Provided records –
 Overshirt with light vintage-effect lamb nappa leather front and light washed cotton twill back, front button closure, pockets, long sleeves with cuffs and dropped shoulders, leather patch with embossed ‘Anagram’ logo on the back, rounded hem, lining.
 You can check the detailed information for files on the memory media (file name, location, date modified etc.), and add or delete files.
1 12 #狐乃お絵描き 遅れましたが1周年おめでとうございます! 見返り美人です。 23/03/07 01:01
---
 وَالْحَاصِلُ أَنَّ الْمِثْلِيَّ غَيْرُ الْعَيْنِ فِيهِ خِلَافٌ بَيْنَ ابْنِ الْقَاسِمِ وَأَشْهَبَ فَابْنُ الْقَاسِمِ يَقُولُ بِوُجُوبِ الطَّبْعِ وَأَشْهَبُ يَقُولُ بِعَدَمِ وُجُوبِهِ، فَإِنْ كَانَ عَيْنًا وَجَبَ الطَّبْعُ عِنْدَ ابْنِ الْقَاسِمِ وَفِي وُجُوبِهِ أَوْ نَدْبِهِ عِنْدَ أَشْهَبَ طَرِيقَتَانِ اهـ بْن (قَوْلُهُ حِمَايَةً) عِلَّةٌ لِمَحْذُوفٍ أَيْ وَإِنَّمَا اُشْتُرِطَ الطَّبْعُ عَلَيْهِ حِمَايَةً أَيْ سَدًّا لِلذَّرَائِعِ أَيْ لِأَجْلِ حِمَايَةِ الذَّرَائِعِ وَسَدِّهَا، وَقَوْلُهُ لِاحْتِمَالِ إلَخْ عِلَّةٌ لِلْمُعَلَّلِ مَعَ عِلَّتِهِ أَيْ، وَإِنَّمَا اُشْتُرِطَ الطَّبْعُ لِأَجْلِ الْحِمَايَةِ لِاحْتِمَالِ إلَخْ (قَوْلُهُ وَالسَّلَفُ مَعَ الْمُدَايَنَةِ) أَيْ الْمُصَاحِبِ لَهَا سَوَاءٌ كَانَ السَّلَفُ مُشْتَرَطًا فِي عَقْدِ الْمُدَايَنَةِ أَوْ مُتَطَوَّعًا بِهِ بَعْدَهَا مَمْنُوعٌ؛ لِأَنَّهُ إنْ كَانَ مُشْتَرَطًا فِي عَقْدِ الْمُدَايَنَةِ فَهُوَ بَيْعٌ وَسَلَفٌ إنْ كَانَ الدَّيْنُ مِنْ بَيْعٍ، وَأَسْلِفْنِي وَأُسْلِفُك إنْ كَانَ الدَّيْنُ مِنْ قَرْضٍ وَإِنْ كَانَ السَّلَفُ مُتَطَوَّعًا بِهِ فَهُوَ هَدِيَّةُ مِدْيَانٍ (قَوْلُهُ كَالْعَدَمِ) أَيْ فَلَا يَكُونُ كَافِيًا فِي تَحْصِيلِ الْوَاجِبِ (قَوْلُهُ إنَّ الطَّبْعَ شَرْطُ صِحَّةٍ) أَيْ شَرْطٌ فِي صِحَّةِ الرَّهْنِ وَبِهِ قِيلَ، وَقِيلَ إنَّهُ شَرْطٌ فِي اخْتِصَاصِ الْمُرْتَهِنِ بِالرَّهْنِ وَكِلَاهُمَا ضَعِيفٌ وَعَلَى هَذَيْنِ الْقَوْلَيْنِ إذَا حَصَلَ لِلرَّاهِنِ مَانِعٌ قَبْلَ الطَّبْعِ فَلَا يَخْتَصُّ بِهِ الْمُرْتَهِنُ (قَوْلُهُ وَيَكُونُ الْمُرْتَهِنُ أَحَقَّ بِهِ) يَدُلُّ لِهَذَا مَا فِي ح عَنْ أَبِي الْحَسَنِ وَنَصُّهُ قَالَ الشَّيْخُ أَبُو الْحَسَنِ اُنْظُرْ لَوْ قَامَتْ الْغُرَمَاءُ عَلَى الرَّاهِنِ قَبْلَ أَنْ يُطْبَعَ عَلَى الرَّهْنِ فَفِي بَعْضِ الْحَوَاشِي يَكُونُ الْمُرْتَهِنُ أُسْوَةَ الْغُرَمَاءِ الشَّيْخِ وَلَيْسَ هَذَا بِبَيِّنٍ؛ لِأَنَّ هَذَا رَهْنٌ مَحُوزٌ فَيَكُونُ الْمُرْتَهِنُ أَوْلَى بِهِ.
--
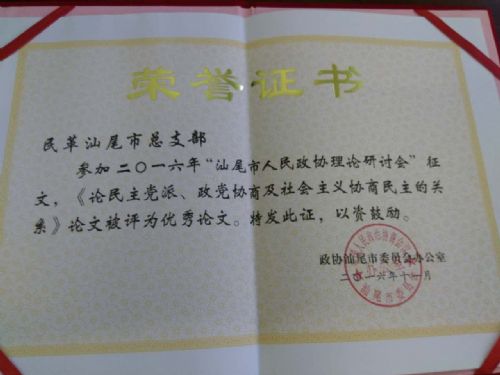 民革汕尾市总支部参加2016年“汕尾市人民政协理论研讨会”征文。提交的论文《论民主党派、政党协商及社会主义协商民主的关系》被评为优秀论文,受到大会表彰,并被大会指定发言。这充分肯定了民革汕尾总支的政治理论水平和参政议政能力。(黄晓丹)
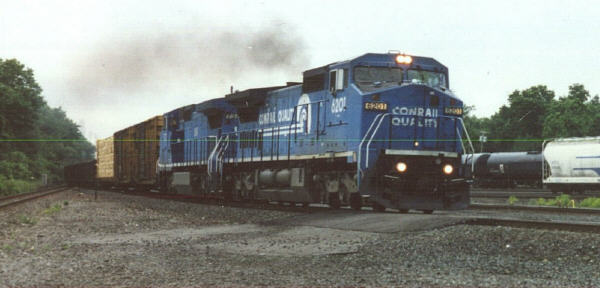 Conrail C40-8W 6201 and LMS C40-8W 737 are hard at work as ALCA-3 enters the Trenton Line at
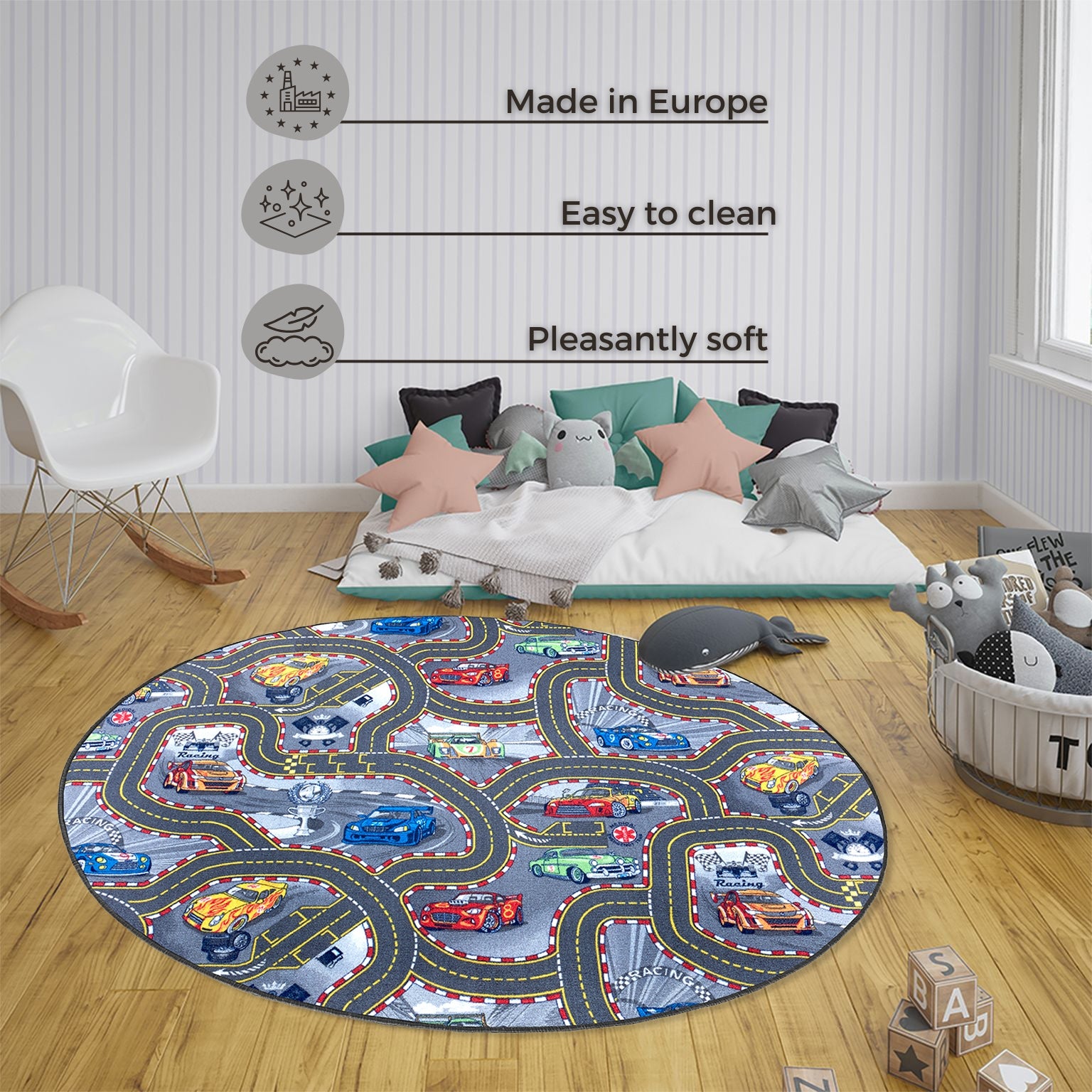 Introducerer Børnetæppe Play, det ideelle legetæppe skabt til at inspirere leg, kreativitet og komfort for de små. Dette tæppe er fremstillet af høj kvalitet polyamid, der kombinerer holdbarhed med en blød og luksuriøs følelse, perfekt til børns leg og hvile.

What the task requires –
Above are the entries. Quote exactly the lines from the one bearing "You can check" through the one bearing "1 12 #狐乃お絵描き".

Response –
 You can check the detailed information for files on the memory media (file name, location, date modified etc.), and add or delete files.
1 12 #狐乃お絵描き 遅れましたが1周年おめでとうございます! 見返り美人です。 23/03/07 01:01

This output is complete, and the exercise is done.